* **WHAT THE EXERCISE ASKS**: Retype, word for word, every line from the one holding "首站告捷后,老师还带队拜访了" through the one holding "图1 Valienamine天然多步合成途径及改造后的简化合成途径" in the entries below, both included, and only those lines.

EXTRACTED MATERIAL below:

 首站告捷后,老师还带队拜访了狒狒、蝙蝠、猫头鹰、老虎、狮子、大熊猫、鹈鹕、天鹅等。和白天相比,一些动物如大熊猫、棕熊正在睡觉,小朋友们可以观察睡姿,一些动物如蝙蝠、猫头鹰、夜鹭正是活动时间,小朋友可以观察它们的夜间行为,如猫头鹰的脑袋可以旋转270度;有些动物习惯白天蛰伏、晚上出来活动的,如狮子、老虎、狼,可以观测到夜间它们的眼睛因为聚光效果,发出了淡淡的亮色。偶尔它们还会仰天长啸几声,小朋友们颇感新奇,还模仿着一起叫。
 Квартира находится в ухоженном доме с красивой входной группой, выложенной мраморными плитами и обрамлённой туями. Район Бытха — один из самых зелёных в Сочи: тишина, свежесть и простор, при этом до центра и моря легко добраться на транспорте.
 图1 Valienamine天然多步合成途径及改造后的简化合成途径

End of EXTRACTED MATERIAL.
EXTRACTED MATERIAL below:

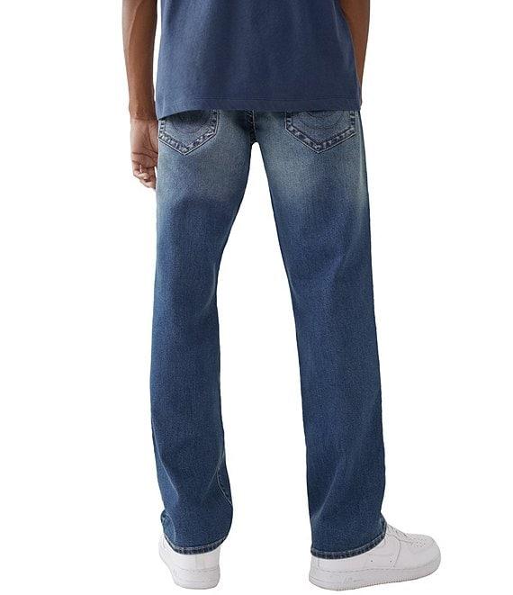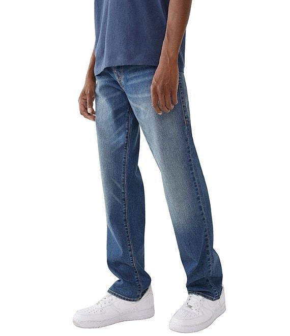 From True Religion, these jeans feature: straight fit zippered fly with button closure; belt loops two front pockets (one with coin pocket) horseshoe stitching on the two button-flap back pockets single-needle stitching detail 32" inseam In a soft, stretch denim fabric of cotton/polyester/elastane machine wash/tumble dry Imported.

End of EXTRACTED MATERIAL.

* **ANSWER BOX**:
 首站告捷后,老师还带队拜访了狒狒、蝙蝠、猫头鹰、老虎、狮子、大熊猫、鹈鹕、天鹅等。和白天相比,一些动物如大熊猫、棕熊正在睡觉,小朋友们可以观察睡姿,一些动物如蝙蝠、猫头鹰、夜鹭正是活动时间,小朋友可以观察它们的夜间行为,如猫头鹰的脑袋可以旋转270度;有些动物习惯白天蛰伏、晚上出来活动的,如狮子、老虎、狼,可以观测到夜间它们的眼睛因为聚光效果,发出了淡淡的亮色。偶尔它们还会仰天长啸几声,小朋友们颇感新奇,还模仿着一起叫。
 Квартира находится в ухоженном доме с красивой входной группой, выложенной мраморными плитами и обрамлённой туями. Район Бытха — один из самых зелёных в Сочи: тишина, свежесть и простор, при этом до центра и моря легко добраться на транспорте.
 图1 Valienamine天然多步合成途径及改造后的简化合成途径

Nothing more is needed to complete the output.